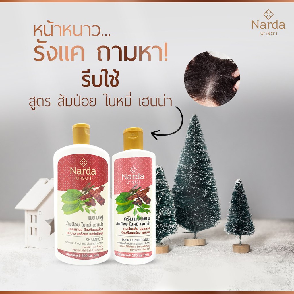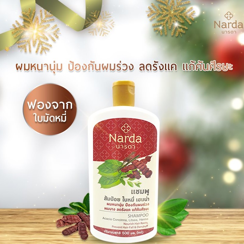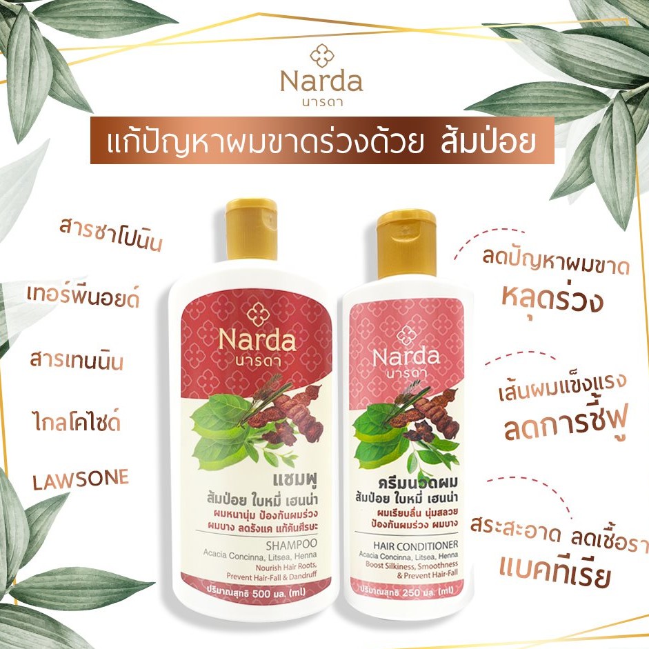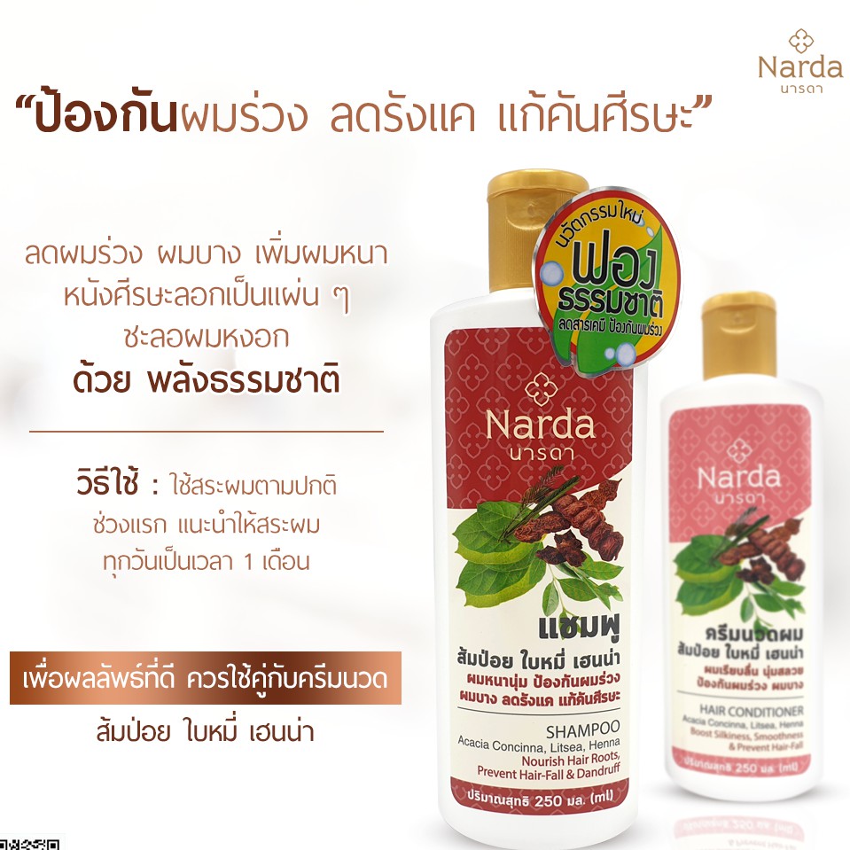 นารดา แชมพู/ครีมนวด ส้มป่อย Acacia Concinna,Litsea ลดการหลุดร่วง ป้องกันผมบาง แก้คันศีรษะ Narda
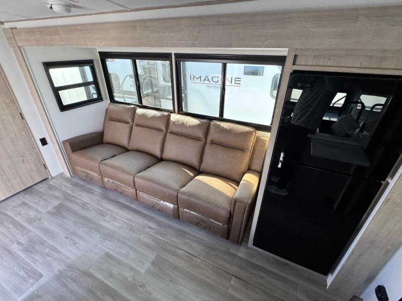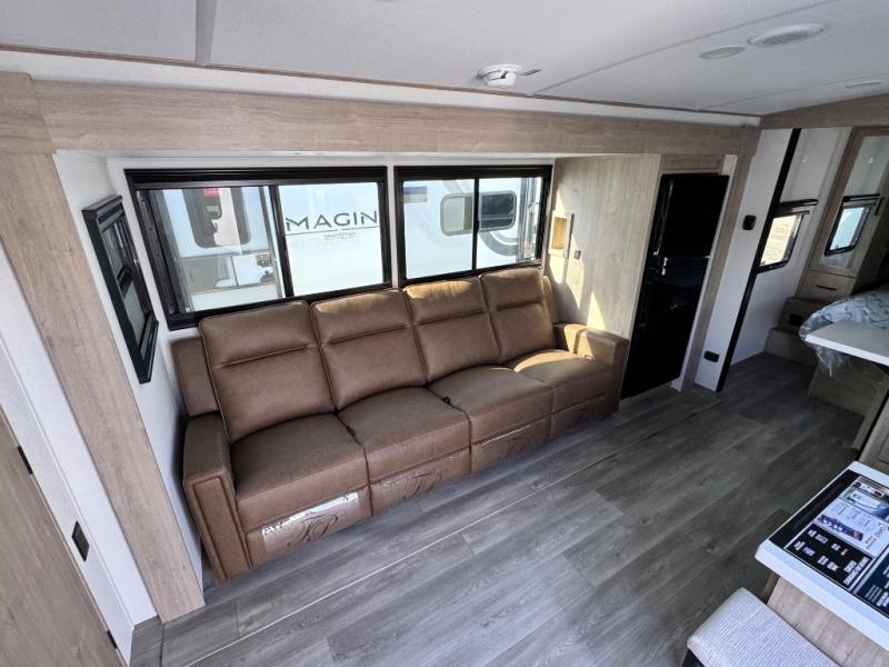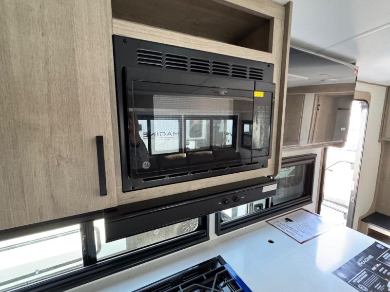 Just imagine leaving the world behind and secluding yourself away with your favorite people in your Grand Design Imagine travel trailer! The Imagine has been designed to enjoy camping and includes a high-capacity furnace, a heated and enclosed underbelly with suspended tanks, a designated heat duct to the subfloor, and a high-density roof insulation with attic vent. You'll have a large panoramic window to let natural lighting in and an adjustable Power Awning with LED Lights for those night gatherings. The exclusive drop-frame pass-through storage compartment is going to allow you to bring along lots of equipment, and the universal docking station is an all-in-one location for utilities and hook-ups. You'll also have oversized tank capacities so that you can fill and empty your tanks less often.
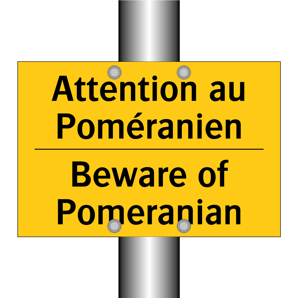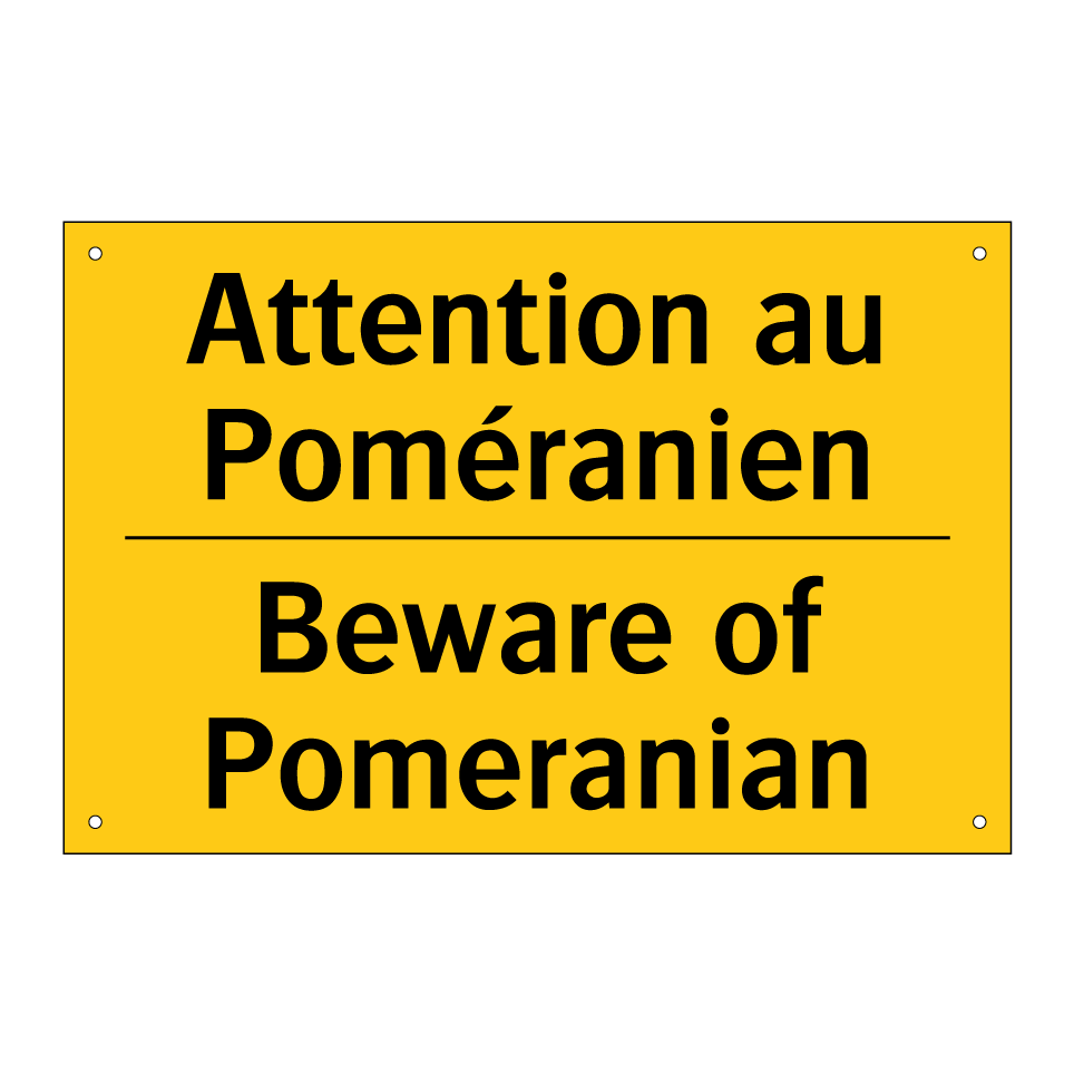 Panneau d'avertissement bilingue avec texte en français : "Attention au Poméranien", et en anglais : "Beware of Pomeranian"
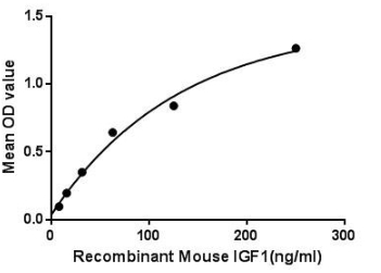 Insulin-like growth factor 1 (IGF1), also called somatomedin C is a hormone similar in molecular structure to insulin. It plays an important role in childhood growth and continues to have anabolic effects in adults. A synthetic analog of IGF1, mecasermin, is used for the treatment of growth failure. Besides, Insulin Like Growth Factor Binding Protein 3 (IGFBP3) has been identified as an interactor of IGF1, thus a binding ELISA assay was conducted to detect the interaction of recombinant mouse IGF1 and recombinant mouse IGFBP3. Briefly, IGF1 were diluted serially in PBS, with 0.01% BSA (pH 7.4). Duplicate samples of 100μL were then transferred to IGFBP3-coated microtiter wells and incubated for 2h at 37°C. Wells were washed with PBST and incubated for 1h with anti-IGF1 pAb, then aspirated and washed 3 times. After incubation with HRP labelled secondary antibody, wells were aspirated and washed 3 times. With the addition of substrate solution, wells were incubated 15-25 minutes at 37°C. Finally, add 50µL stop solution to the wells and read at 450nm immediately. The binding activity of IGF1 and IGFBP3 was shown, and this effect was in a dose dependent manner. |
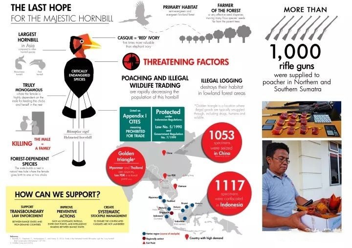 2016年,伦敦非政府组织环境调查署发布了一则报告,指出在2010年到2015年当中,中国和印尼政府没收的盔犀鸟头骨数量,超过了2000枚。这个恐怖的数字意味着,即使在明令禁止,却依旧有数不尽的盔犀鸟在偷猎者的手下死去。

-*-*-

Omit the pictures. Output every record above word for word.

 นารดา แชมพู/ครีมนวด ส้มป่อย Acacia Concinna,Litsea ลดการหลุดร่วง ป้องกันผมบาง แก้คันศีรษะ Narda
 Just imagine leaving the world behind and secluding yourself away with your favorite people in your Grand Design Imagine travel trailer! The Imagine has been designed to enjoy camping and includes a high-capacity furnace, a heated and enclosed underbelly with suspended tanks, a designated heat duct to the subfloor, and a high-density roof insulation with attic vent. You'll have a large panoramic window to let natural lighting in and an adjustable Power Awning with LED Lights for those night gatherings. The exclusive drop-frame pass-through storage compartment is going to allow you to bring along lots of equipment, and the universal docking station is an all-in-one location for utilities and hook-ups. You'll also have oversized tank capacities so that you can fill and empty your tanks less often.
 Panneau d'avertissement bilingue avec texte en français : "Attention au Poméranien", et en anglais : "Beware of Pomeranian"
 Insulin-like growth factor 1 (IGF1), also called somatomedin C is a hormone similar in molecular structure to insulin. It plays an important role in childhood growth and continues to have anabolic effects in adults. A synthetic analog of IGF1, mecasermin, is used for the treatment of growth failure. Besides, Insulin Like Growth Factor Binding Protein 3 (IGFBP3) has been identified as an interactor of IGF1, thus a binding ELISA assay was conducted to detect the interaction of recombinant mouse IGF1 and recombinant mouse IGFBP3. Briefly, IGF1 were diluted serially in PBS, with 0.01% BSA (pH 7.4). Duplicate samples of 100μL were then transferred to IGFBP3-coated microtiter wells and incubated for 2h at 37°C. Wells were washed with PBST and incubated for 1h with anti-IGF1 pAb, then aspirated and washed 3 times. After incubation with HRP labelled secondary antibody, wells were aspirated and washed 3 times. With the addition of substrate solution, wells were incubated 15-25 minutes at 37°C. Finally, add 50µL stop solution to the wells and read at 450nm immediately. The binding activity of IGF1 and IGFBP3 was shown, and this effect was in a dose dependent manner. |
 2016年,伦敦非政府组织环境调查署发布了一则报告,指出在2010年到2015年当中,中国和印尼政府没收的盔犀鸟头骨数量,超过了2000枚。这个恐怖的数字意味着,即使在明令禁止,却依旧有数不尽的盔犀鸟在偷猎者的手下死去。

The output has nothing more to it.